Nobody is exactly sure what the automobile interior of the future is going to look like, but CES 2017 gave us some clues. At the Volkswagen booth, a high-tech interior concept with a three-dimensional dashboard, negt-gen head-up display, and eye tracking gave us a glimpse of how automakers may combine sweet graphics with technology designed to minimize distraction. Check out the video above to see how the Volkswagen Interactive Experience is supposed to work, then come back for some thoughts on what didn't. Spoiler alert: this future stuff is hard.

The coolest bit of tech in VW's interior concept is the three-dimensional gauge cluster. There are two LCD screens, one in front of the other. The top layer is usually transparent, meaning you can see the screen behind it pretty much all the time. When that front screen is lit and you can see both screens, the result is a cool 3D effect that requires no special glasses and looks way more realistic than anything achievable with a single panel.

A more traditional touch-sensitive LCD serves as the infotainment screen. The content is tailored specifically for the driver through the use of an individual Volkswagen User ID. That means any VW vehicle, even a rental, that a driver uses will know his or her preferred settings. Finally, the AR Head-Up Display projects information directly onto the windshield like all HUDs do. Instead of a small window out of the driver's direct field of view, though, this augmented reality system can cast useful info over a much larger area, right where it's most applicable. Think virtual speed limit signs or overlaid street names.

Heading to CES, the tech I was most intrigued by was eye-tracking technology. Unfortunately, no matter how long I stared at a tiny little dot in VW's conceptual dash while the cameras tried to locate my eyes, the system failed. Undeterred, I tried again at the Bosch booth, which was demonstrating similar eye-tracking technology. And again, the system failed.

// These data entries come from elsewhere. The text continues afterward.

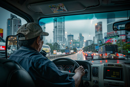 Truck driver on highway with urban skyline a day in the life of a transport service worker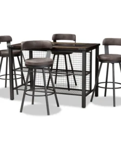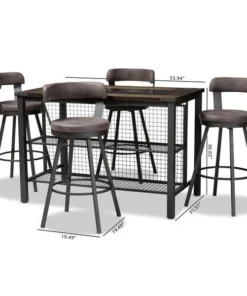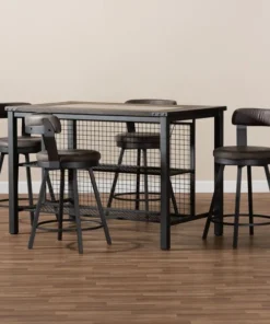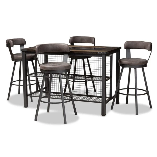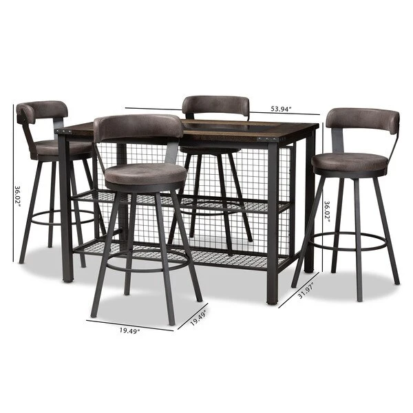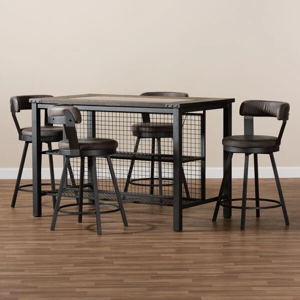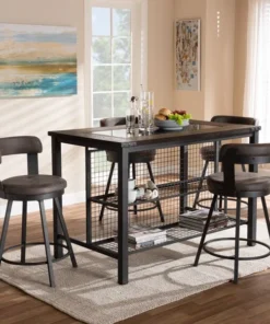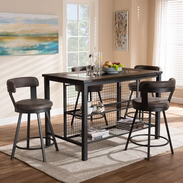 Achieve lasting style with the Arcene 5-piece pub set. The sturdy metal composition and neutral coloring are indicative of the swivel stool's rustic and industrial-inspired design. The metal frame is finished in a matte antique silver, complemented by suede-like fabric upholstered seats. The seats of the Arcene are foam padded, and the open work chair backs are curved to encourage hours of comfortable seating. The table of the Arjean features two convenient wire shelves for display or storage, which is great for small spaces. The rectangular table top has a unique pattern, finished in black glass in the middle of the table, and framed by sturdy engineered wood finished with an ash veneer. This set will look right at home in your dining room or breakfast nook. The Arcene requires assembly.
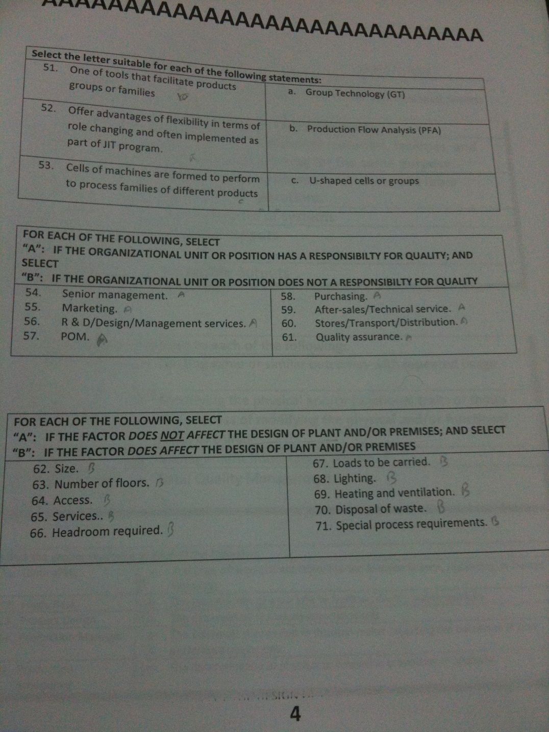 أسئلة اختبار مادة ادارة العمليات والجودة بالانجليزي BUS 462 للعام الدراسي 2010 نموذج أ - جامعة الملك عبد العزيز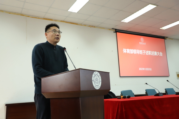 陆森召主任代表体育部领导班子作2023年度工作总结。就落实全面从严治党、全面提升教学质量、开展体育科研师资队伍建设、群体活动开展、竞赛成绩优异、加强宣传阵地建设、加强信息化建设七个方面工作取得的成效进行汇报。他强调,体育部领导班子将坚持党建引领,提高政治站位,提升内部治理能力,建设学习型、廉洁型、实干型领导班子。自觉在大局下想问题、做工作,营造积极向上的体育文化,增强“以体育人”的实效性,为学校“双一流”建设贡献积极力量。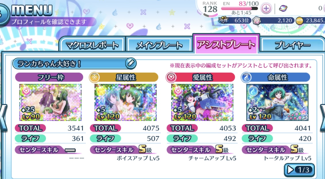 コツコツと課金し、推しの衣装を集め、音ゲーもノーマルしか出来なかったへっぽこが一番難しい難易度まで出来るように…… ここ1年はかなりイベントもゆるーく参加していましたが、サービス終了のお知らせが4月中旬にでましてそこからは心残りがないようあれやこれや頑張りました。(とはいっても、途中モチベがだれる時もある…苦笑)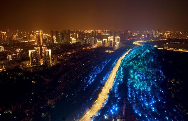 ↑武漢夜晚的“燈光秀”(4月13日攝)。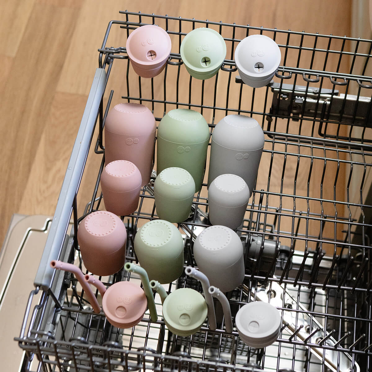 The Developmental Cup Set is a training set that teaches babies, toddlers and preschoolers to drink from an open cup and safely use a straw. The developmental drinking system starts with the 2oz Tiny Cup (4 months +), followed by the 4oz Mini Cup + Straw (9 months +) and concludes with the 8oz Happy Cup + Straw (2 years +). Each tool supports important milestones such as lip closure, lip rounding and tongue elevation. These drinking milestones promote a safe swallow and healthy oral and speech development.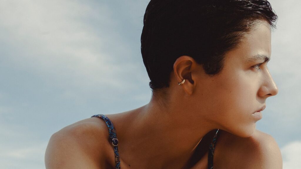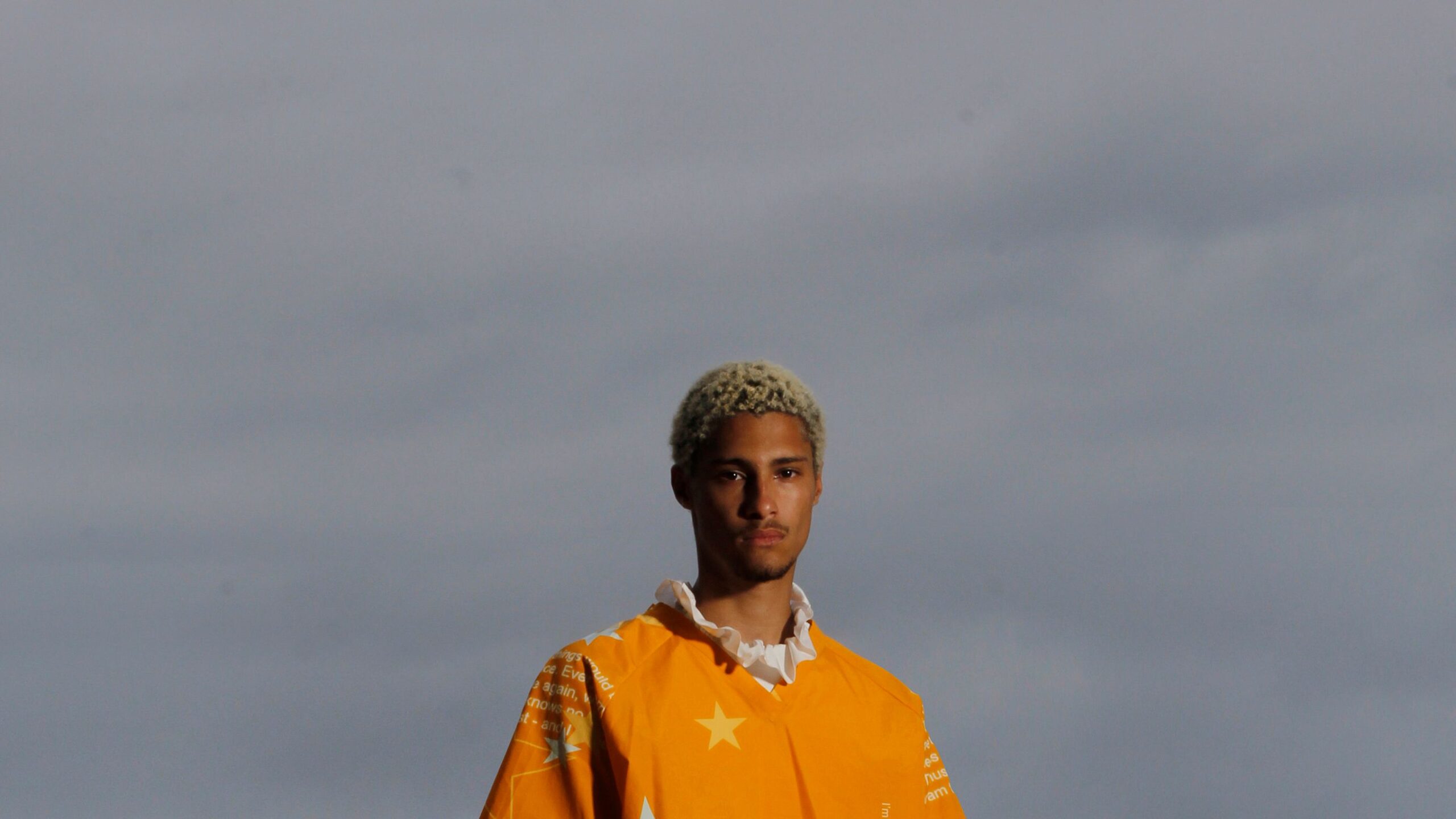 He leaned toward ambiguity, applying a teal-blue sans-serif expression to a gray V-neck sweater layered over a red ruffled collar and paired with surf-inspired printed shorts. It also appeared on T-shirts with clipart lettering, paired with bias-cut skirts in fluted silk chiffon and paired with hats fit for a romantic drifter. Casual shirts and vests were a through line from his early work in gradient stretch fabrics, but in bold sporty primaries. A business shirt and tie paired with oversized cotton shorts. Levy’s book contains ideas about existence in the Internet age and about real and projected identities. Higgins said he wanted to take tropes and make them all into one, so these different elements and dress codes clashed and mixed.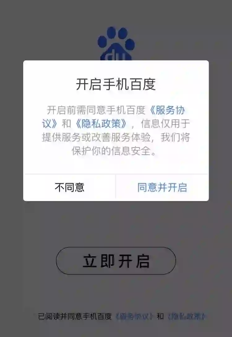 初次安装手机百度App时,页面都会提示默认勾选“已阅读并同意手机百度《服务协议》和《隐私政策》”,如取消勾选则无法使用该应用。那么,这就造成了一种强制性,如果不同意该协议就无法安装App,但如果仔细阅读以上《服务协议》就可以发现:一旦用户使用App产生的数据则是归企业所有,而App就这样“合理合法”有了获取用户信息的途径。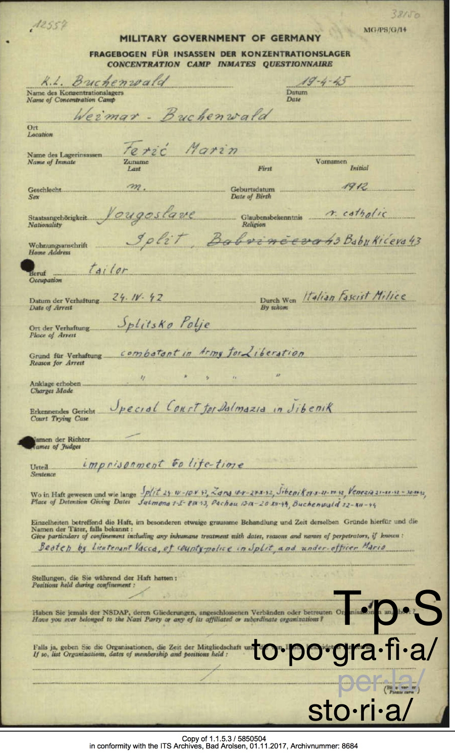 Dichiarazioni di Frano Mihaljević e di Ante Kuzmanić, Archivio di Stato di Spalato, Spalato, Gradska komisija za ispitivanje zločina okupatora i njihovih pomagača [Commissione cittadina per l’indagine sui crimini degli occupanti e dei loro collaboratori], HR-DAST-412, 1945, k. 10.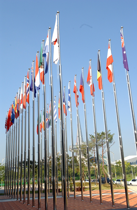 오는 9일 대전컨벤션센터에서 개막하는 제6차 WTA(세계과학도시연합)총회를 8일 남겨둔 가운데 이번 총회에 참가하는 30개국의 국기가 행사장에 게양돼 분위기를 한껏 돋우고 있다.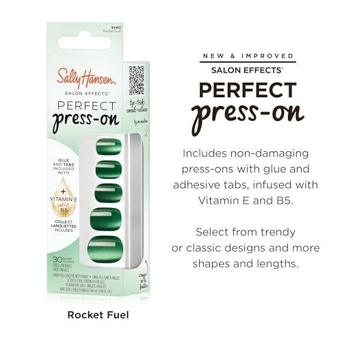 Sally Hansen Salon Effects Perfect Press-On Nails, Rocket Fuel. Product includes press-on nails, glue with vitamins E and B5, and adhesive tabs. Designed for rapid application to achieve a salon-quality manicure at home. The set offers 30 unique nail art designs. The glue provides secure adhesion and is formulated to be non-damaging to natural nails. Tabs are designed to provide a comfortable, reliable fit and reduce potential harm to natural nails. Removal is designed to be quick and easy with minimal mess.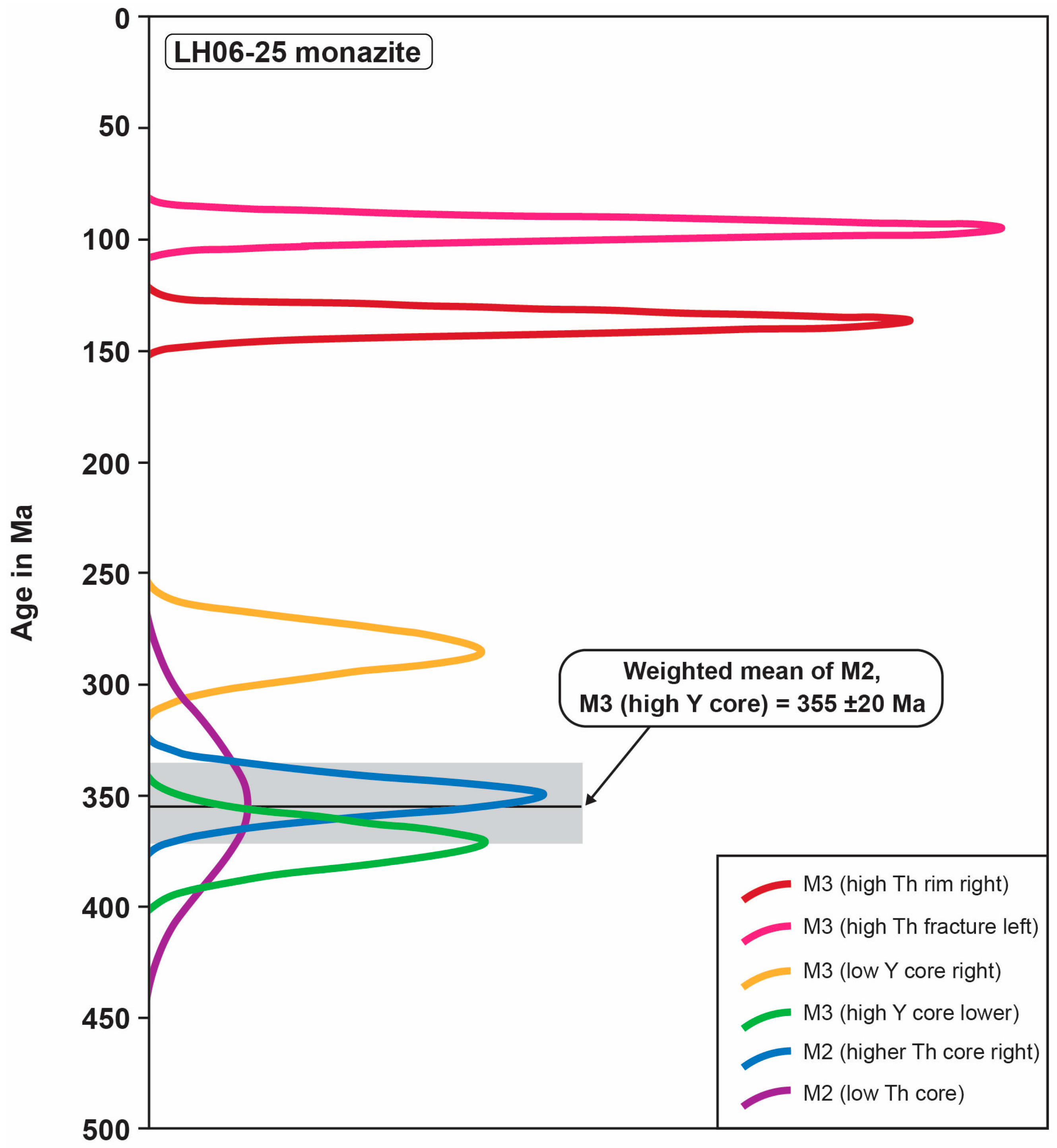 2.2. U-Th-Total Pb Electron Microprobe Geochronology on Monazite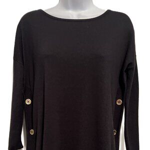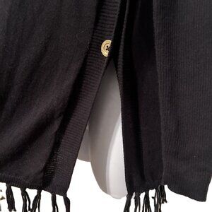 Lilly Pulitzer Ramona fringe long-sleeved sweater. This stylish black sweater features gold buttons along the sides and a fringe detail at the hem. Coolmax®: Breathable knit with Coolmax® helps you stay cool, even in hot weather. Women's size XXS Bust: 21" Length: 25"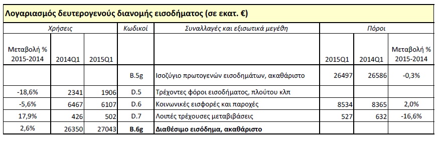 Ακρως εντυπωσιακά είναι τα στοιχεία της ΕΛΣΤΑΤ για το εισόδημα και την αποταμίευση των νοικοκυριών το πρώτο τρίμηνο της χρονιάς. Σύμφωνα με τους «τριμηνιαίους μη χρηματοοικονομικούς λογαριασμούς θεσμικών τομέων» το διαθέσιμο εισόδημα του τομέα των νοικοκυριών (περιλαμβάνονται και μη κερδοσκοπικά ιδρύματα που εξυπηρετούν νοικοκυριά - ΜΚΙΕΝ) αυξήθηκε κατά 2,6% σε σύγκριση με το αντίστοιχο τρίμηνο του προηγούμενου έτους, από 26,3 δισ. ευρώ σε 27 δισ. ευρώ.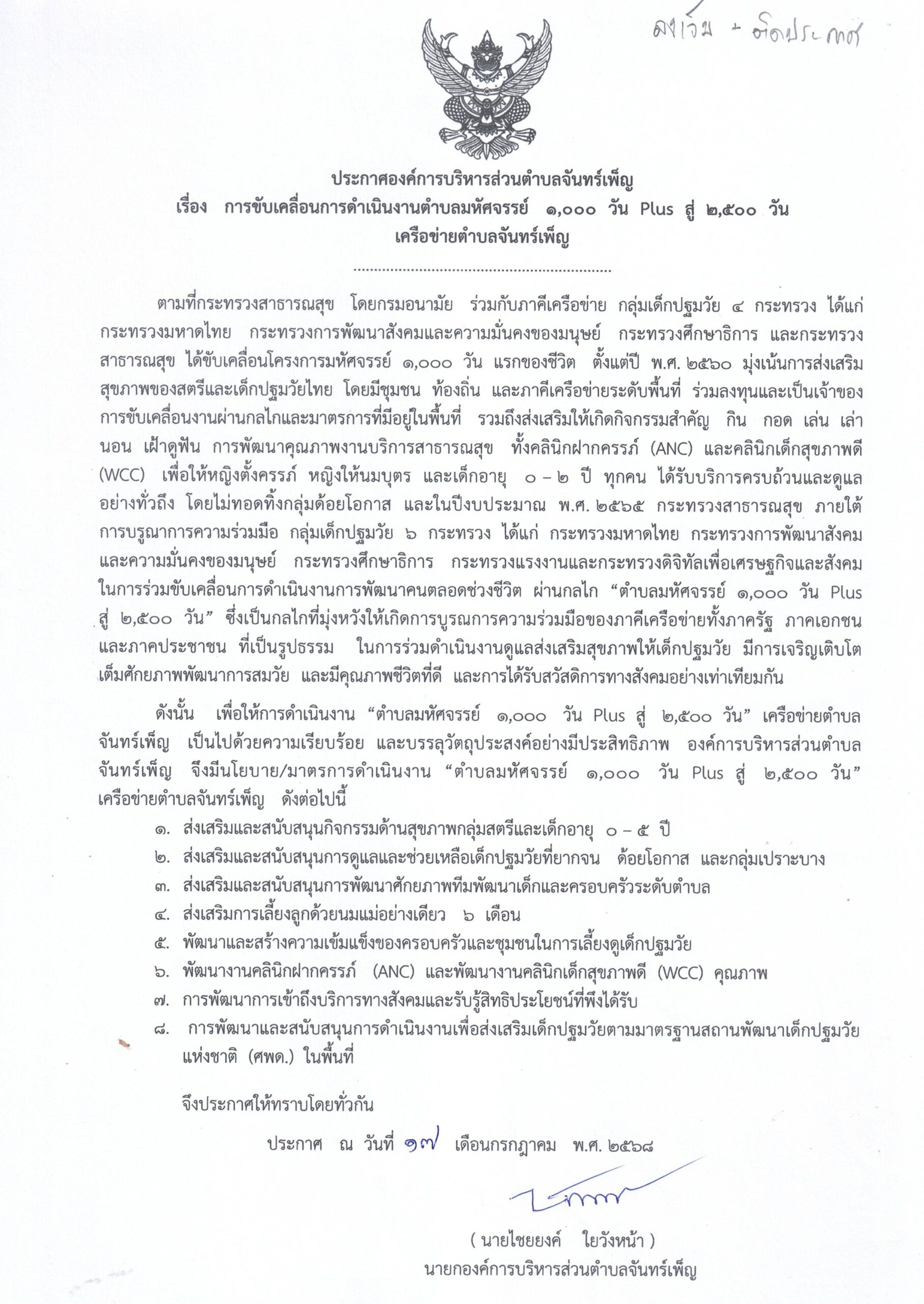 ประกาศ อบต.จันทร์เพ็ญ เรื่อง การขับเคลื่อนการดำเนินงานมหัสจรรย์ 1,000 วัน Plus สู่ 2500 วัน เครือข่ายตำบลจันทร์เพ็ญ 21 กรกฎาคม 68อบต. จันทร์เพ็ญข่าวประชาสัมพันธ์, ประกาศ/ระเบียบ/ดาวน์โหลด อ่านแล้ว : 1,387 Facebook iconFacebookTwitter iconTwitterLINE iconLine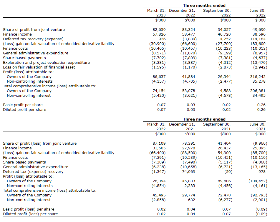 The company recorded a profit for Q1 2023 of $82-million compared with a profit of $22-million for the same period in 2022. The total comprehensive income for Q1 2023 was $69-million compared with $43-million for Q1 2022.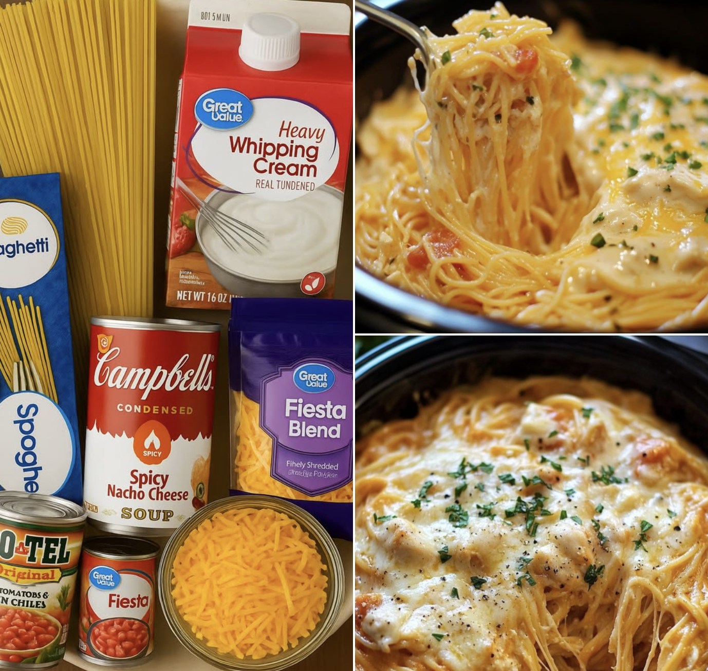 I first made this dish on a day when I had a mountain of work and zero energy to cook dinner. I needed my slow cooker to do literally everything. I threw in some chicken, a can of soup, and a block of cheese, crossed my fingers, and walked away for hours. When I finally lifted the lid, the sight took my breath away. A creamy, bubbly, golden cheese sauce had formed, swirling around tender shreds of chicken and perfectly cooked spaghetti. The smell was intoxicating—buttery, cheesy, and deeply comforting, like the best childhood casserole you can imagine. That first forkful was pure, creamy bliss, and it’s been my ultimate busy-day lifesaver ever since.

An engineer from VW thought the problem may have something to do with the lenses of my glasses. Apparently, there was an issue getting the cameras to see through polarized lenses, but that was resolved. My lenses, though, block over 90-percent of blue-spectrum light. That's supposed to help reduce eye strain for people who stare at computer screens all day. It may also have the side effect of breaking eye-tracking technology, at least at this early stage. I'll just have to try again next year.